Cattle are the main reservoir for C. burnetii in Denmark. A recent study of the seroprevalence of C. burnetii in cattle found that bulk-tank milk samples tested positive for C. burnetii at 59 of 100 randomly selected farms (16). In addition, the reported prevalence of antibodies to C. burnetii among veterinarians in Denmark ranges from 36% to 47% (1,2,17). These findings show that exposure to C. burnetii is common in this country in the animal reservoir and in those who are occupationally exposed to livestock or who live in rural areas with livestock contact. However, the risk for and implications of infection with C. burnetii among pregnant women have not been exhaustively described (12,15). Because of this, and because findings from the case series in France conflict with results from population-based studies from the Netherlands and Denmark, we reviewed national data from Aarhus University Hospital, Aalborg University Hospital, Hospital of Southwest Jutland, Viborg Regional Hospital, Regional Hospital West Jutland, and Hilleroed Hospital in Denmark to identify women who had elevated antibodies to C. burnetii during pregnancy. We evaluated the course of infection, effects of treatment with cotrimoxazole (trimethoprim-sulfamethoxazole), and pregnancy outcomes for these women.
Materials and Methods
Every resident in Denmark is provided with a unique civil registration number that enables individual-level linkage between national registries. Data from health records at obstetric and infectious disease departments were thereby linked to civil registration numbers from women (18–45 years of age) who had positive or equivocal tests at the Statens Serum Institut for antibodies to C. burnetii during 2007–2011. Using these data, we identified pregnant women who could be included in the study on the basis of positive serologic test results for C. burnetii and availability of titers from throughout pregnancy to enable evaluation of infection in paired samples.

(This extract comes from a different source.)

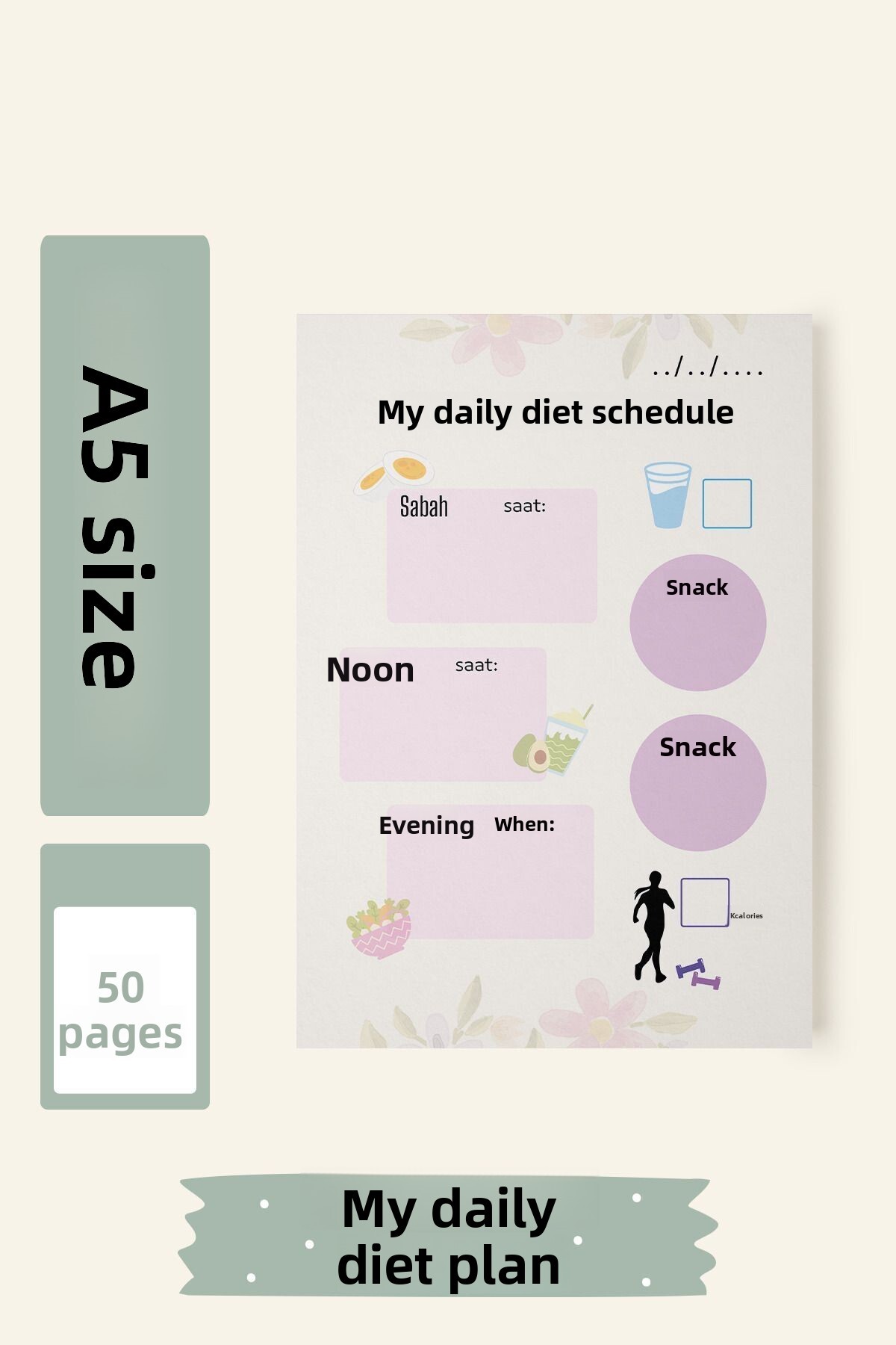 ميزات مخطط النظام الغذائي اليومي مقاس A5 50 ورقة من Srctech

Detection of Antibodies against C. burnetii
In Denmark, C. burnetii serologic testing is performed only at the Statens Serum Institut by indirect immunofluorescence assay (IFA; Focus Diagnostics, Cypress, CA, USA), according to the manufacturer’s instructions. C. burnetii expresses 2 antigens, phase I and phase II. During active infection, phase II IgG and IgM are elevated; these results may remain positive for months to years. In acute Q fever, primarily antibodies against phase II antigens are raised, and these titers are higher than for antibodies against phase I antigens; IgM antibodies appear first. In chronic forms of the disease, antibodies against phase I antigens are elevated.
A local cutoff value adjusted to the population of Denmark has defined negative, equivocal, and positive titers (18); we included patients with equivocal and positive titers in our study. A sample was considered IFA-positive when IgM for phase I or phase II titers was >64 or IgG for any of the phases was >128. A 4-fold increase in titers between 2 paired samples was defined as diagnostic for recent or acute C. burnetii infection.
PCR Analysis
DNA from urine samples was subjected to a Chelex 100-based DNA extraction method as described (19). DNA from placenta and bone marrow samples was extracted by using the DNeasy Blood and Tissue Kit (QIAGEN, Hilden, Germany) according to the manufacturer’s instructions. DNA from the cream layer of fresh breast milk samples was extracted by using a previously described protocol that included washing with phosphate-buffered saline and subsequent extraction with the DNeasy Blood and Tissue Kit (20). PCR was conducted with primers targeting the multicopy gene IS1111 as described (21).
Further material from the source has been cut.